### DATA SHOWN:
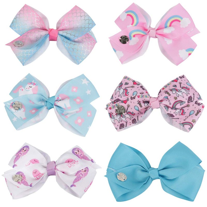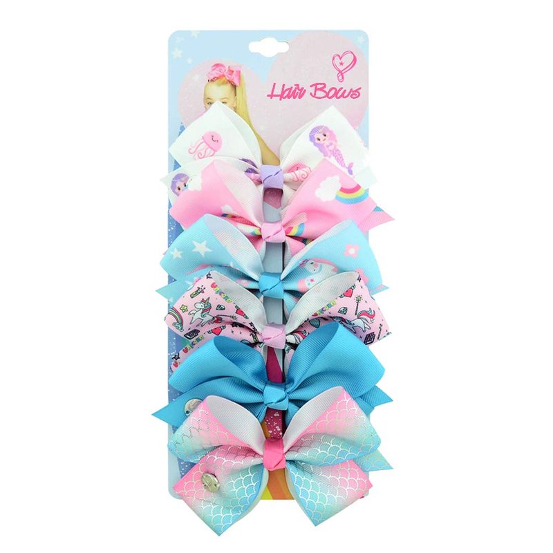 Dalin 6Pcs Siwa Hair Bows for Girls,5 Inches Hair Bows for Girl Grosgrain Ribbon Hair Barrettes Accessories for Toddler
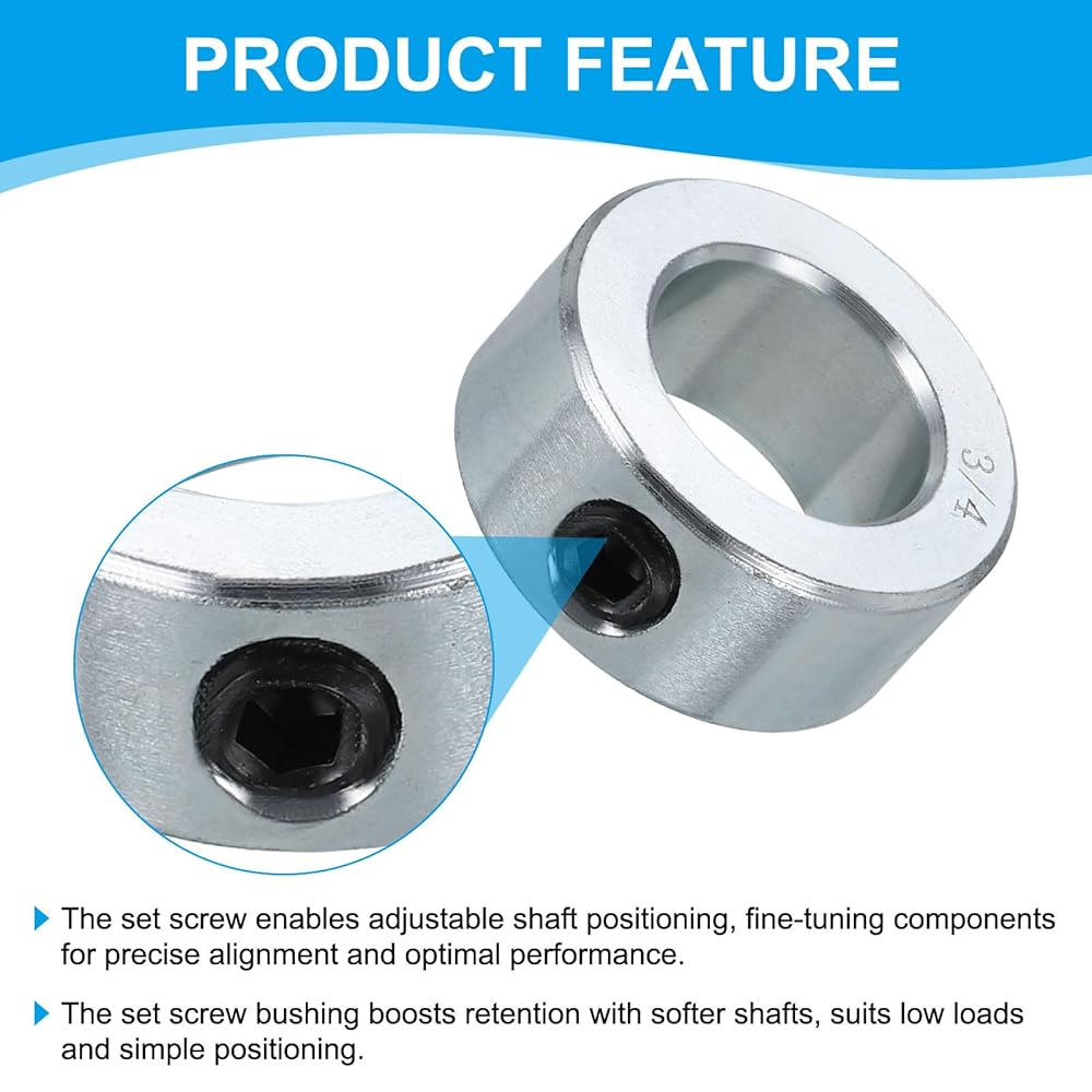 Advantage: The carbon steel shaft collar, strong and tough, resists deformation/breakage under heavy loads for stable performance. Its zinc-plated surface resists corrosion in humid environments, and it reduces noise during high-speed operation. The set screw design allows adjustable shaft positioning for precise alignment, enhancing holding power with softer shafts—suitable for low axial loads and simple positioning.
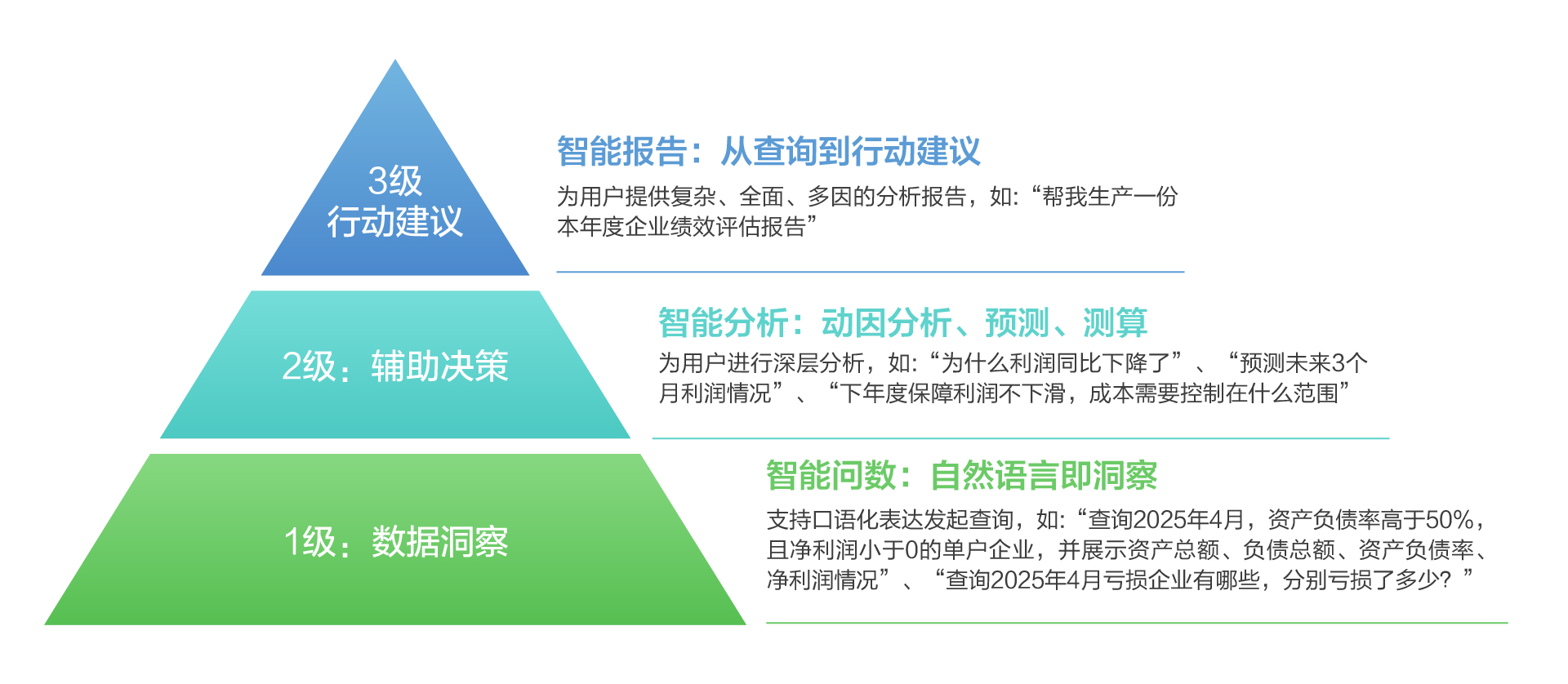 在数字化转型的深度实践中,久智精灵致力于为企业、政府及业财融合场景提供“对话即分析”的轻量化数据体验,让每个人都能用最自然的方式对话数据、洞察价值。应用三大场景为:

### PROBLEM DESCRIPTION:
Make an exact reproduction of the listing above, without any pictures.

### TASK RESULT:
 Dalin 6Pcs Siwa Hair Bows for Girls,5 Inches Hair Bows for Girl Grosgrain Ribbon Hair Barrettes Accessories for Toddler
 Advantage: The carbon steel shaft collar, strong and tough, resists deformation/breakage under heavy loads for stable performance. Its zinc-plated surface resists corrosion in humid environments, and it reduces noise during high-speed operation. The set screw design allows adjustable shaft positioning for precise alignment, enhancing holding power with softer shafts—suitable for low axial loads and simple positioning.
 在数字化转型的深度实践中,久智精灵致力于为企业、政府及业财融合场景提供“对话即分析”的轻量化数据体验,让每个人都能用最自然的方式对话数据、洞察价值。应用三大场景为:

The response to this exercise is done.